In re Litestream Technologies, LLC

337 B.R. 705, 19 Fla. L. Weekly Fed. B 155, 2006 Bankr. LEXIS 222, 46 Bankr. Ct. Dec. (CRR) 22, 2006 WL 360614
CourtUnited States Bankruptcy Court, M.D. Florida
DecidedFebruary 17, 2006
DocketNo. 8:04-bk-3721-KRM
StatusPublished

This text of 337 B.R. 705 (In re Litestream Technologies, LLC) is published on Counsel Stack Legal Research, covering United States Bankruptcy Court, M.D. Florida primary law. Counsel Stack provides free access to over 12 million legal documents including statutes, case law, regulations, and constitutions.

Bluebook
In re Litestream Technologies, LLC, 337 B.R. 705, 19 Fla. L. Weekly Fed. B 155, 2006 Bankr. LEXIS 222, 46 Bankr. Ct. Dec. (CRR) 22, 2006 WL 360614 (Fla. 2006).

Opinion

MEMORANDUM OPINION AND ORDER REGARDING CLAIM OF PAS-CO COUNTY TAX COLLECTOR

K. RODNEY MAY, Bankruptcy Judge.

This is a contested matter, under Bankruptcy Code Section 505(a), to determine the amount of the Pasco County Tax Collector’s claim for 2004 tangible personal property taxes — filed in the amount of $61,472.96.1 The claim is based on an assessed valuation by the County’s Property Appraiser.

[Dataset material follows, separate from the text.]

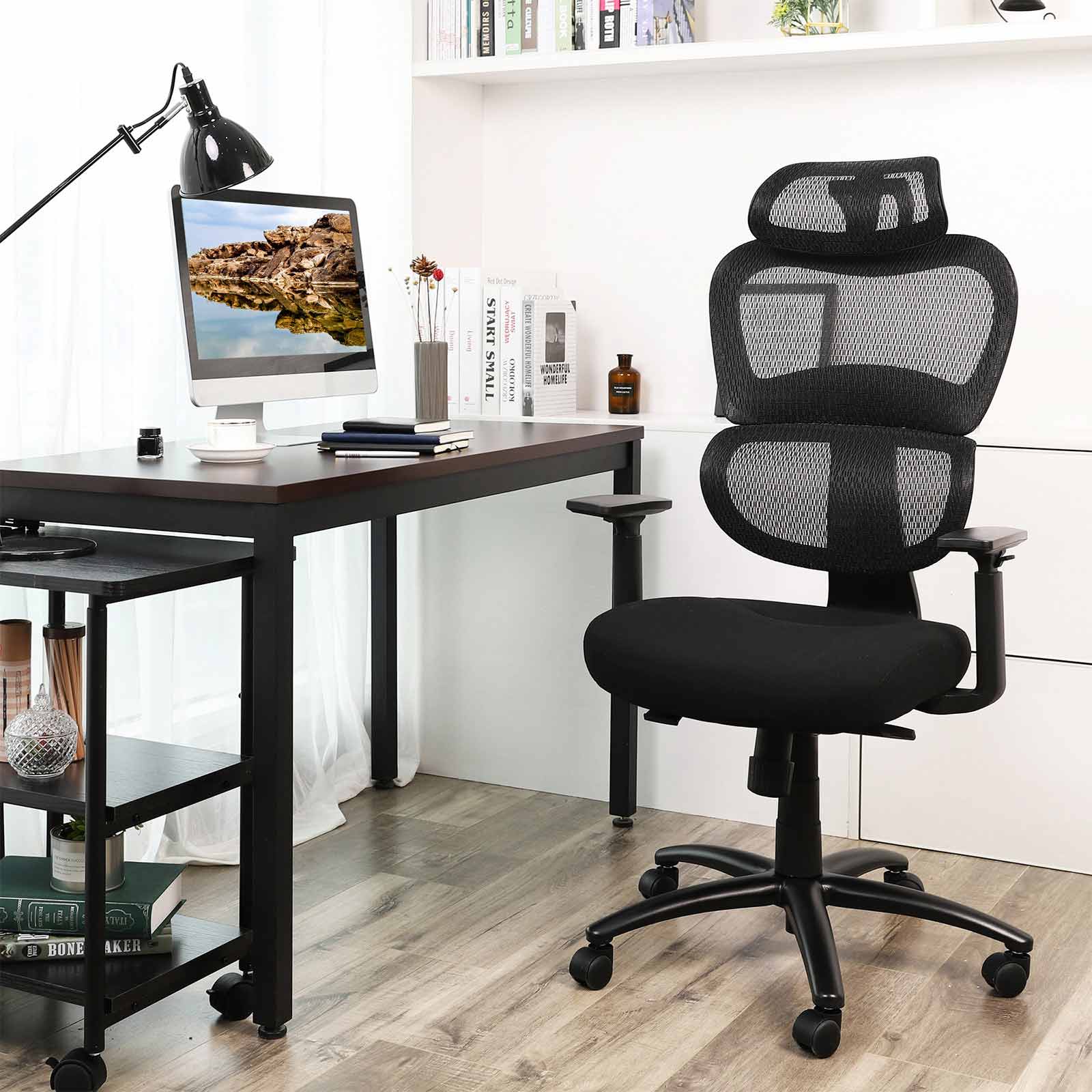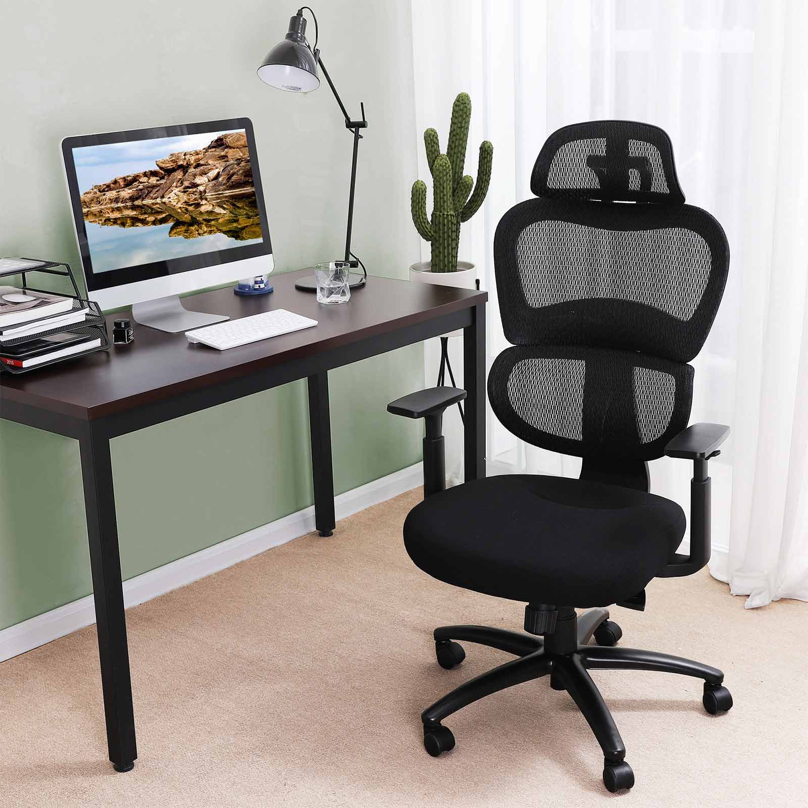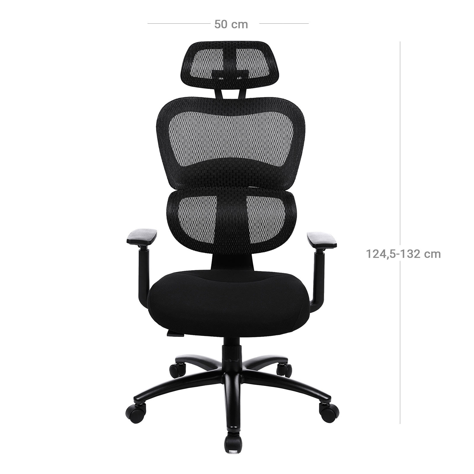 Produktbeskrivelse: Den ergonomiske kontorstol med netbetr?k har en behagelig k?leeffekt om sommeren. Den brede rygl?n af h?jkvalitets ?ndbart netstof giver god st?tte til dine skuldre. For at justere h?ldningen forhindres rygl?nets tilbageslag af en tilbageslagsbeskyttelse. Udvalgte lydl?se nylonruller, der ogs? er velegnede til h?rde gulve som tr?gulve, laminat, fliser, PVC osv., sikrer en j?vn glidning og sk?ner dit gulv; ekstra ruller og skruer til fremtidig brug. Tilbeh?r i blisterpakning og den illustrerede vejledning g?r monteringen nem. Denne moderne computerstol er perfekt til koncentreret arbejde eller afslappet brug i hjemmet. Produktdetaljer: M?l: -H?jde (total): 124,5-132 cm -Bredde (total): 66 cm -Dybde (total): 67 cm -S?deh?jde: 44-53 cm -S?debredde (brugbar): 50 cm -S?dedybde (brugbar): 52 cm -Arml?nets h?jde (fra gulvet): 60,5-70 cm -Rygl?nets h?jde: 73-81 cm -Tykkelsen p? forsiden af s?det: 9 cm -? fodkryds: 70 cm -? ruller: 50 mm -? stift: 11 mm Materiale: -Betrukning: Netstof -Polstring: H?jdensitets skum -Fodkryds: St?l -Arml?nsskaft: Nylon -Armst?tte: PU -Hjul: Nylon -Farve: Sort -Bruttov?gt: 19,4 kg -Maks. belastbarhed: 150 kg Leveringsomfang -1 x kontorstol -1 x beslagspose -1 x vejledning (DE, EN, FR, IT, ES)

The Liquidating Trustee for the estate, who is holding sufficient cash to pay the claim, and the purchaser of the debtor’s Pasco County operations challenged the claim, arguing that the underlying assessment exceeds “just valuation.” For the reasons set forth in more detail below, the Court concludes that the assessment was made in accordance with state law and will not be overturned or modified.

BACKGROUND

The Bankruptcy Case

The debtor built and operated fiber optic telecommunications systems (for telephone, cable television, and internet connection) in developing residential communities in Pasco and St. Johns Counties. Its assets consisted of franchise rights in each county, agreements with developers, system equipment and infrastructure, and about 1,100 consumers’ subscription contracts.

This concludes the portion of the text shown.